Action and Non-Action
— Chuang Tzu,
translated by Thomas James Merton
The non-action of the wise man is not inaction.
It is not studied. It is not shaken by anything.
The sage is quiet because he is not moved,
Not because he wills to be quiet.
Still water is like glass.
You can look in it and see the bristles on your chin.
It is a perfect level;
A carpenter could use it.
If water is so clear, so level,
How much more the spirit of man?
The heart of the wise man is tranquil.
It is the mirror of heaven and earth
The glass of everything.
Emptiness, stillness, tranquillity, tastelessness,
Silence, non-action: this is the level of heaven and earth.
This is perfect Tao. Wise men find here
Their resting place.
Resting, they are empty.
From emptiness comes the unconditioned.
From this, the conditioned, the individual things.
So from the sage’s emptiness, stillness arises:
From stillness, action. From action, attainment.
From their stillness comes their non-action, which is also action
And is, therefore, their attainment.
For stillness is joy. Joy is free from care
Fruitful in long years.
Joy does all things without concern:
For emptiness, stillness, tranquillity, tastelessness,
Silence, and non-action
Are the root of all things.
Small Actions, Mighty Outcomes
Sometimes even to live is an act of courage. — Seneca
We cannot wish that human beings were not subject to the forces of nature, including the mortality… we cannot wish for the seas to dry up, that the waves grow still, that the tectonic plates cease to exist, that nature ceases to be beyond our abilities to predict and control… But the terms of that nature include such catastrophe and suffering, which leaves us with sorrow as not a problem to be solved but a fact. And it leaves us with compassion as the work we will never finish. — Rebecca Solnit, Storming the Gates of Paradise: Landscapes for Politics
When I was a boy and I would see scary things in the news, my mother would say to me, ‘Look for the helpers. You will always find people who are helping.’ To this day, especially in times of ‘disaster,’ I remember my mother’s words and I am always comforted by realizing that there are still so many helpers–so many caring people in this world. — Fred Rogers
Never confuse movement with action. — Ernest Hemingway
The future depends on what you do today. — Mahatma Gandhi
You are what you do, not what you say you’ll do. — C.G. Jung
We don’t always feel God’s presence, just as we don’t feel the sun on a rainy day. But the presence never grows dim, and the confidence that it is there and will shine again keeps us hopeful. — Evan Drake Howard
Theologians talk about a prevenient grace that precedes grace itself and allows us to accept it. I think there must also be a prevenient courage that allows us to be brave–that is, to acknowledge that there is more beauty than our eyes can bear, that precious things have been put into our hands and to do nothing to honor them is to do great harm. And therefore, this courage allows us, as the old men said, to make ourselves useful. It allows us to be generous, which is another way of saying exactly the same thing. — Marilynne Robinson, Gilead
Bon Dieu! may I some day do something truly great. amen. — e.e. cummings
Be great in little things. — Francis Xavier
I am not a champion of lost causes, but of causes not yet won. — Norman Thomas
Rabbi Ben Ezra (excerpts)
— Robert Browning
Grow old along with me!
The best is yet to be,
The last of life, for which the first was made:
Our times are in His hand
Who saith “A whole I planned,
Youth shows but half; trust God: see all, nor be afraid!”

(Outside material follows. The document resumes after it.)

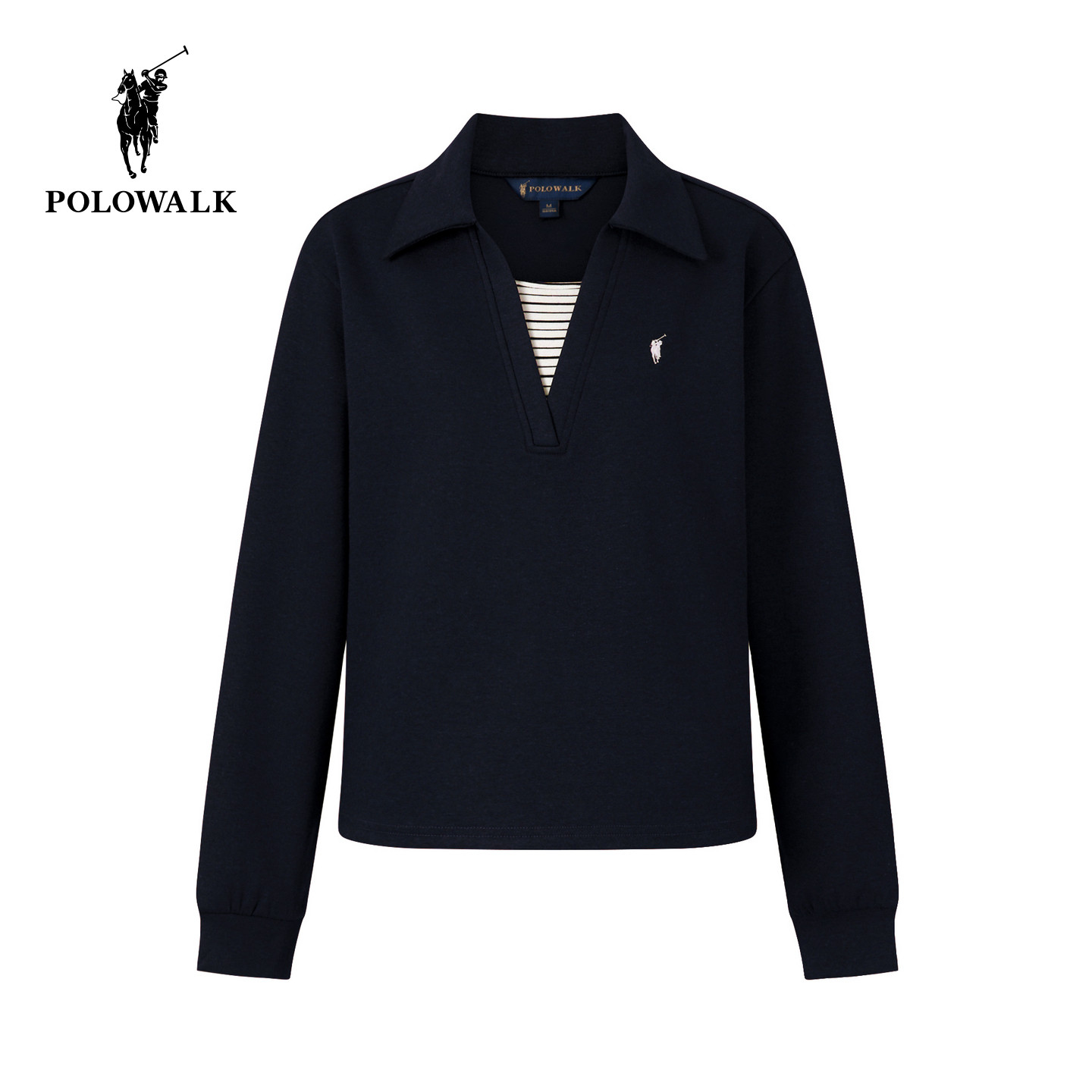 POLOWALK女式卫衣2025秋季新品翻领撞布拼接休闲通勤套头上衣女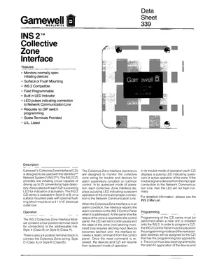 Datasheet for the Gamewell FCI INS 2 Collective Zone Interface, published in 1998. Document No: 339. 23 models including INS 2, CZI, 30771-10 and 20 additional variants. Product features, environmental operating limits, and compatibility data.

… Fool! All that is, at all,
Lasts ever, past recall;
Earth changes, but thy soul and God stand sure:
What entered into thee,
That was, is, and shall be:
Time’s wheel runs back or stops: Potter and clay endure.
… So, take and use Thy work:
Amend what flaws may lurk,
What strain o’ the stuff, what warpings past the aim!
My times be in Thy hand!
Perfect the cup as planned!
Let age approve of youth, and death complete the same!